Docker Container: The tool can be executed within a container environment. Modifications can be made in the containerapp directory's config.ts. The output file will be situated in the designated data directory.

API Usage: GPT Crawler can be launched as an API server using Express JS. Run the server with:

npm run start:server

The server listens on port 3000 by default, and you can interact with it through POST requests to the /crawl endpoint.

Uploading Your Data to OpenAI

Upon successful crawling, a file named output.json is generated. This file can be uploaded to OpenAI to construct custom GPTs or assistants.

Creating a Custom GPT

For those looking to offer a user interface for their generated knowledge, creating a custom GPT via OpenAI's platform is an ideal solution.

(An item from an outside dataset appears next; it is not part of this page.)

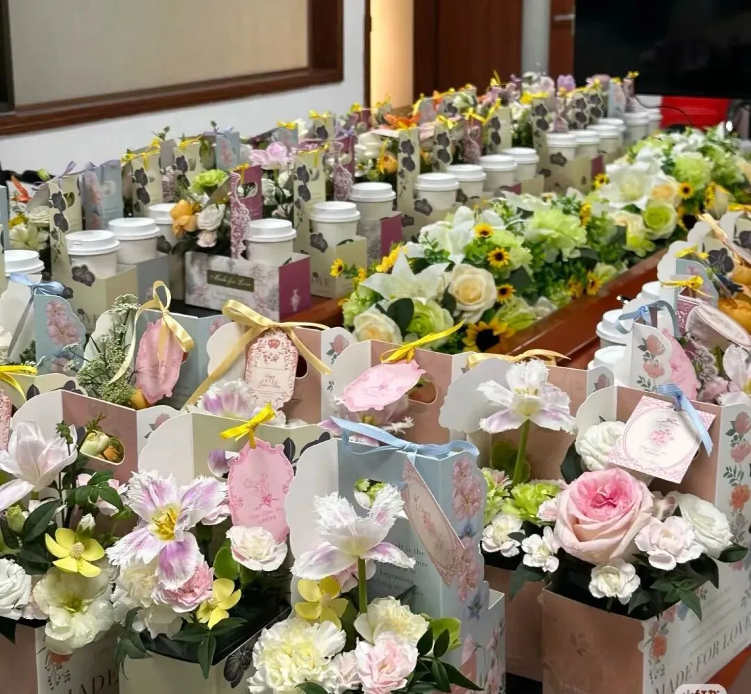 材料包要精致。别用廉价的塑料包装。用素雅的牛皮纸、麻布或定制礼盒分装。除了主花材,额外配好丝带、别致的装饰卡片、甚至一小份下午茶点。让客户打开材料包的瞬间,就发出“哇”的惊叹,觉得这钱花得真值。

After navigating to OpenAI Chat, you can create a GPT and upload the necessary files.

If the file size exceeds limits, consider splitting the file or reducing its size via configurations in config.ts.

Creating a Custom Assistant

To enable API access to the generated knowledge for product integration, you can create a custom assistant by uploading your file through the OpenAI Assistant platform.

Contributing

Contributions are welcomed to enhance the functionality of GPT Crawler. If you have suggestions or improvements, consider submitting a pull request for review.

By following this guide, users can effectively utilize GPT Crawler to amalgamate and generate comprehensive knowledge files for custom GPT creation, enhancing both learning and application across various digital platforms.